◆ **Information supplied**:
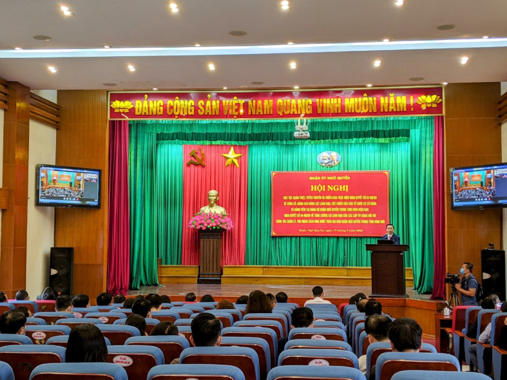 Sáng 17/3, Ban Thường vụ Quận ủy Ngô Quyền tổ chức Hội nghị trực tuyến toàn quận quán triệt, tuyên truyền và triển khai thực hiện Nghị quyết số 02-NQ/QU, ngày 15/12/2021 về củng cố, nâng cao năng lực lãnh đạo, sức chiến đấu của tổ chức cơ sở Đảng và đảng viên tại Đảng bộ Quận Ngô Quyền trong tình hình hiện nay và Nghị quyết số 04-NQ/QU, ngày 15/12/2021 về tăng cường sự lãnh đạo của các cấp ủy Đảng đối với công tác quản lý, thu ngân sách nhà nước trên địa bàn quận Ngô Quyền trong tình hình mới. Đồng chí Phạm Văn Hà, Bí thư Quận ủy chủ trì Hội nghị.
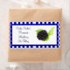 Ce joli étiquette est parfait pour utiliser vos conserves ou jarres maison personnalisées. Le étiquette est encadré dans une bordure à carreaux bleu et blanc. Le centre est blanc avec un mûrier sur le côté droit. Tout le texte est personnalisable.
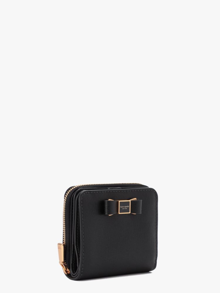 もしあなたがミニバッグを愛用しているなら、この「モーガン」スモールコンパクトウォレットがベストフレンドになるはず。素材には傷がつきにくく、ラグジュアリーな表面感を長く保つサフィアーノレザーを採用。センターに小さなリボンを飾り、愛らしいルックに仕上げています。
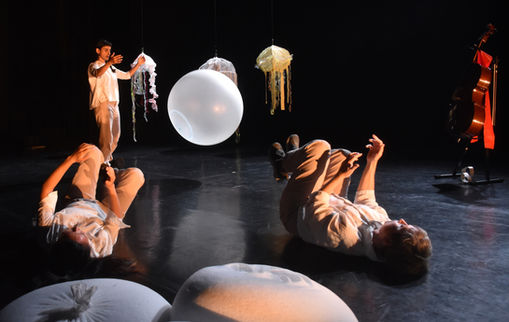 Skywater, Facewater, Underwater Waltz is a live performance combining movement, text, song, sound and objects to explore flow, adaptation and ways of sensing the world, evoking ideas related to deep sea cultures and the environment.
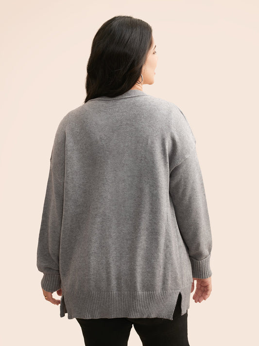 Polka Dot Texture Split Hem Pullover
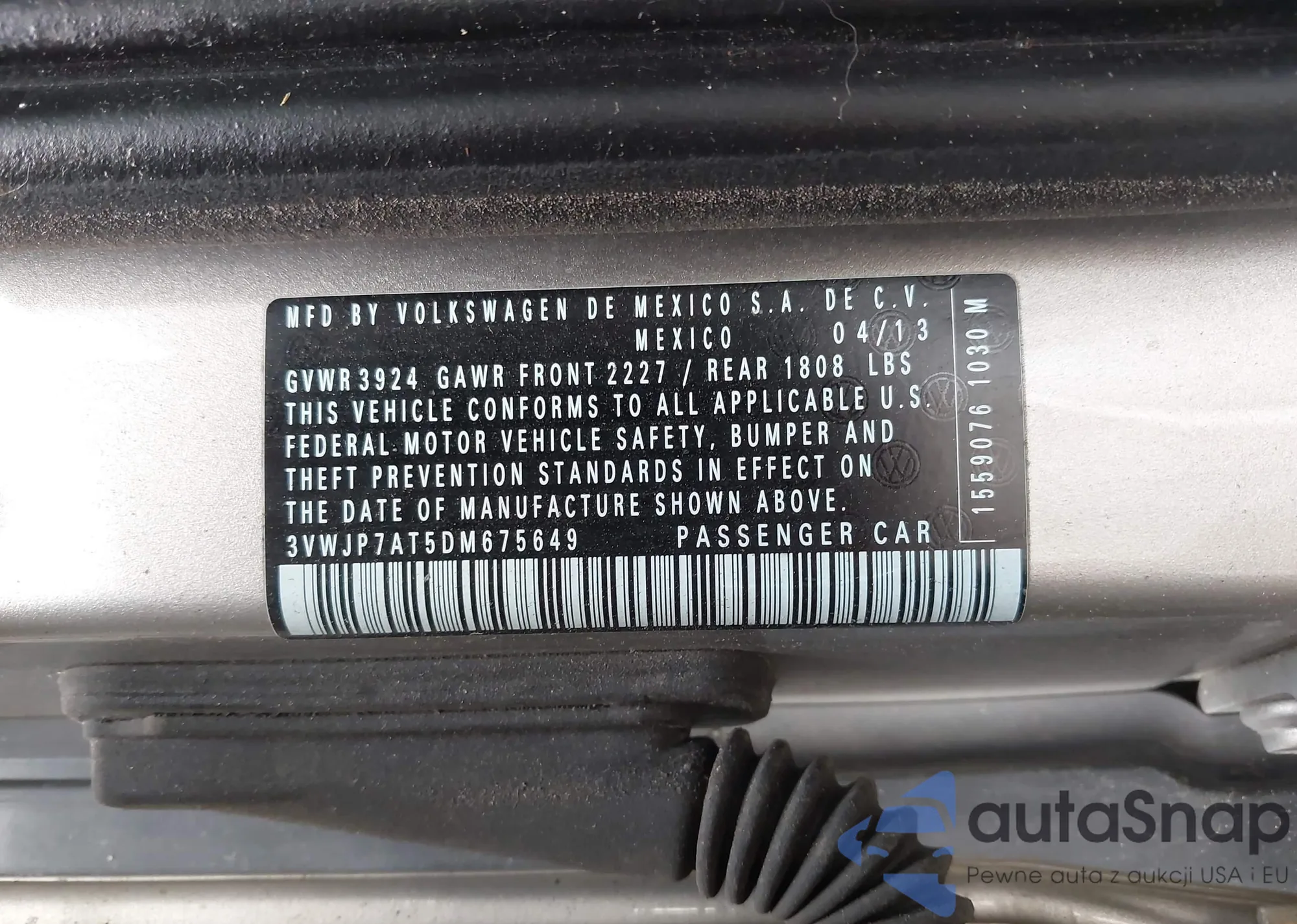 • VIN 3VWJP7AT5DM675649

◆ **Exercise prompt**: Reproduce exactly the part of the records above that begins at the line holding "もしあなたがミニバッグを愛用" and ends at the final line, both included, leaving out the pictures.

◆ **Answer for the task**:
 もしあなたがミニバッグを愛用しているなら、この「モーガン」スモールコンパクトウォレットがベストフレンドになるはず。素材には傷がつきにくく、ラグジュアリーな表面感を長く保つサフィアーノレザーを採用。センターに小さなリボンを飾り、愛らしいルックに仕上げています。
 Skywater, Facewater, Underwater Waltz is a live performance combining movement, text, song, sound and objects to explore flow, adaptation and ways of sensing the world, evoking ideas related to deep sea cultures and the environment.
 Polka Dot Texture Split Hem Pullover
 • VIN 3VWJP7AT5DM675649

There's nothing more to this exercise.